- Born: Amanda Dudamel Newman Mérida, Mérida, Venezuela
- Occupations: Model; Fashion designer;
- Height: 1.78 m (5 ft 10 in)^{[citation needed]}
- Beauty pageant titleholder
- Title: Miss Venezuela 2021
- Hair color: Brown^{[citation needed]}
- Eye color: Hazel^{[citation needed]}
- Major competitions: Miss Venezuela 2021; (Winner); Miss Universe 2022; (1st Runner-Up);

= Amanda Dudamel =

Venezuelan beauty pageant titleholder

Amanda Dudamel Newman is a Venezuelan beauty pageant titleholder who was crowned Miss Venezuela 2021, representing the Region Andina. She also represented Venezuela at Miss Universe 2022 and was first runner-up.

==Personal life and career==
Amanda Dudamel was born in Mérida, Mérida in Venezuela. Aside from being raised in Mérida and Yaracuy, Dudamel spent her childhood in a variety of countries such as Canada, Colombia, Chile and South Africa, where she learned to speak English. She is the daughter of Rafael Dudamel, a Venezuelan former footballer from San Felipe, Yaracuy, and Nahir Newman Torres, a Venezuelan architect and real estate agent from Mérida, Mérida.

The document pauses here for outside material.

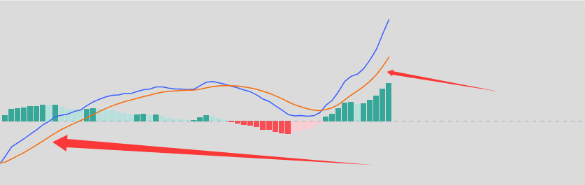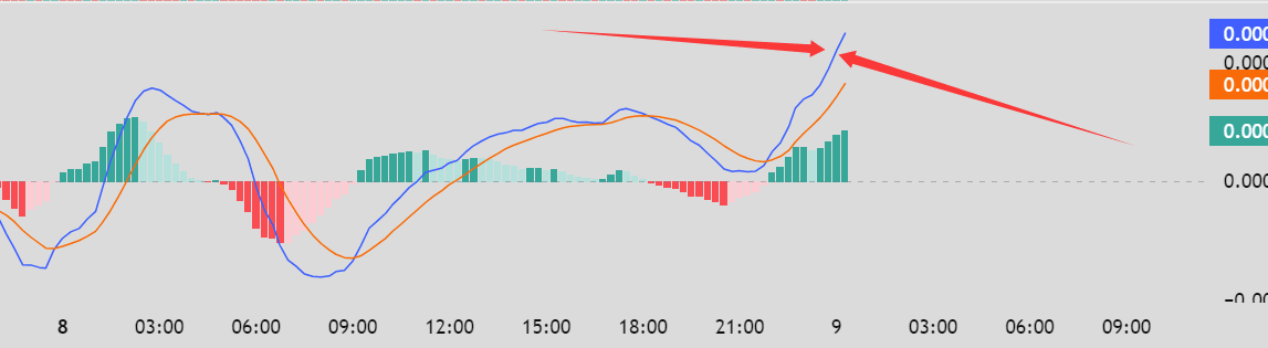 It consists of three parts: 1) the fast line DIF, 2) the slow line DEA, and 3) the red and green bars. What you need to observe is not the color, but the direction and change of momentum. Don't just look at the golden cross above the water and the death cross below the water. We need to understand its underlying logic.

Dudamel studied fashion design in Rome, Italy, where she lived for several years and learned to speak Italian fluently. She is the owner and executive director of her own clothing brand "By Amanda Dudamel" and co-founder of the brand "Reborn the Brand", as well as director of the social impact project "Emprendiendo e Impactando".

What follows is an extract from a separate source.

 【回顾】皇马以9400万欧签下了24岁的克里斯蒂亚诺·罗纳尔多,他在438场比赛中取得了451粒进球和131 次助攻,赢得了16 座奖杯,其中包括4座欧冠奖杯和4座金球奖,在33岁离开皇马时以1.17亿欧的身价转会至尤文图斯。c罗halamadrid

On November 18, 2021, Dudamel held her first show as a fashion designer in Venezuela with her clothing brand Reborn the Brand.

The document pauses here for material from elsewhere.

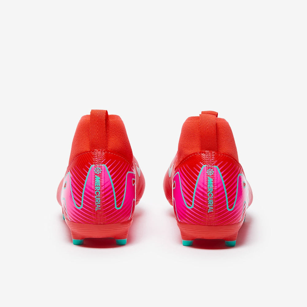 The ultimate expression of speed. Become untouchable on the pitch with Nike Kids Air Zoom Mercurial Superfly 10 Academy FG/MG football boots in Ember Glow/Aurora Green.

She is the Creative Director of Made in Petare, an accessories brand that was created to financially support the “Un Par Por Un Sueño” foundation. Together with them, through the development and sale of products, they contribute to the work of the foundation where more than 1000 children are fed daily in different dining rooms in Petare, Venezuela, the largest neighborhood in Latin America. They also include mothers as part of the process, offering them training and job opportunities to help support their families and children.

In January 2022, she participated in a commercial for hair care brand Drene.

On May 24, 2022, at a show of Venezuelan fashion designer Giovanni Scutaro, she modelled the spring summer collection, entitled Canto a Caracas (I sing to Caracas).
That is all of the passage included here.